**Data extracts**

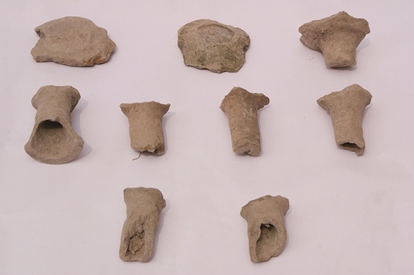 考古發掘過程中,考古人員在臺地斷面上可見文化層和紅燒土,臺地內可見較多的泥質灰陶片、泥質紅陶片,紋飾有素面、繩紋等,可辨器形有豆、罐、瓦等。
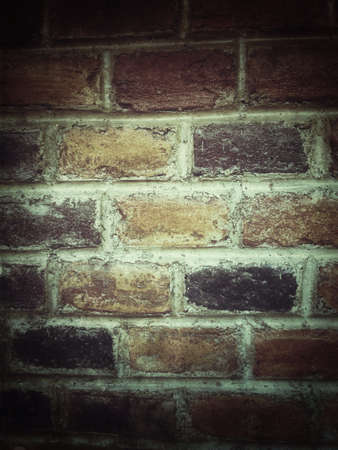A rustic brick wall texture showing weathered red, orange, and dark brown bricks with rough mortar lines, creating an aged look.
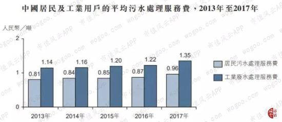 提高的不只是污水处理能力,2017年生活污水和工业废水平均处理费分别为每吨0.96元和每吨1.35元,都比2013年有所提高。
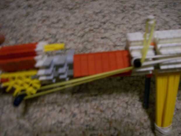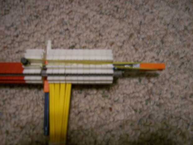 2. Coloque una banda elástica en el extremo de la barra blanca en el gatillo, rap alrededor de la pieza verde y engánchelo en la pieza azul por el centro de la pistola.
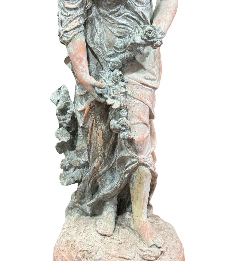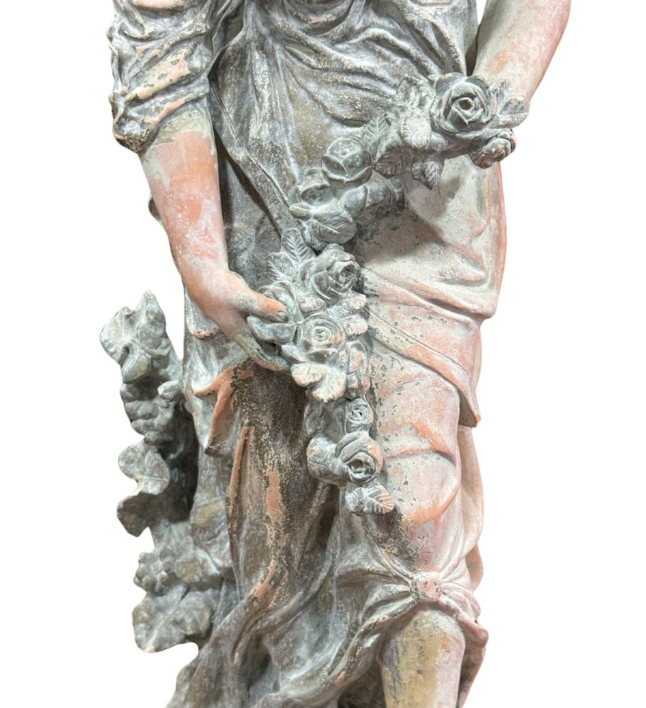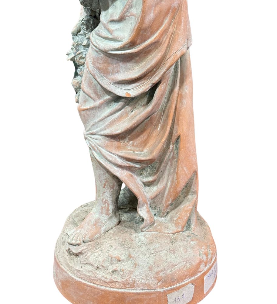 Scultura in terracotta, periodo XX secolo raffigurante Donna con fiori. Dimensioni: h66x22x22 cm. Scultura in buone condizioni con lievi segni di vissuto come da foto allegate.
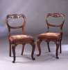 each with moulded and leaf carved scallop back centred by anthemion above gros point stuffover seat and cabriole legs with scroll toes
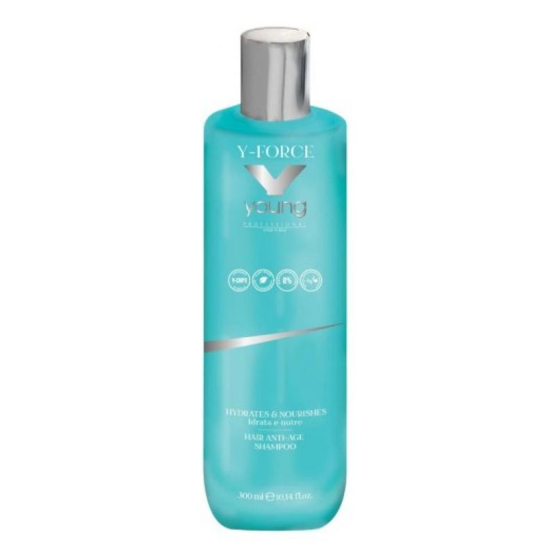 Young Y-FORCE Shampoo — професійний безсульфатний шампунь, створений для інтенсивного живлення, глибокого зволоження та відновлення ослабленого, сухого, ламкого або фарбованого волосся. М’яка, але ефективна формула відновлює структуру волосся, зменшує ламкість і робить волосся більш пружним і блискучим.

**Work instructions**
Word for word, write out each line of the records, but leave the pictures behind.

**Exercise output**
 考古發掘過程中,考古人員在臺地斷面上可見文化層和紅燒土,臺地內可見較多的泥質灰陶片、泥質紅陶片,紋飾有素面、繩紋等,可辨器形有豆、罐、瓦等。
A rustic brick wall texture showing weathered red, orange, and dark brown bricks with rough mortar lines, creating an aged look.
 提高的不只是污水处理能力,2017年生活污水和工业废水平均处理费分别为每吨0.96元和每吨1.35元,都比2013年有所提高。
 2. Coloque una banda elástica en el extremo de la barra blanca en el gatillo, rap alrededor de la pieza verde y engánchelo en la pieza azul por el centro de la pistola.
 Scultura in terracotta, periodo XX secolo raffigurante Donna con fiori. Dimensioni: h66x22x22 cm. Scultura in buone condizioni con lievi segni di vissuto come da foto allegate.
 each with moulded and leaf carved scallop back centred by anthemion above gros point stuffover seat and cabriole legs with scroll toes
 Young Y-FORCE Shampoo — професійний безсульфатний шампунь, створений для інтенсивного живлення, глибокого зволоження та відновлення ослабленого, сухого, ламкого або фарбованого волосся. М’яка, але ефективна формула відновлює структуру волосся, зменшує ламкість і робить волосся більш пружним і блискучим.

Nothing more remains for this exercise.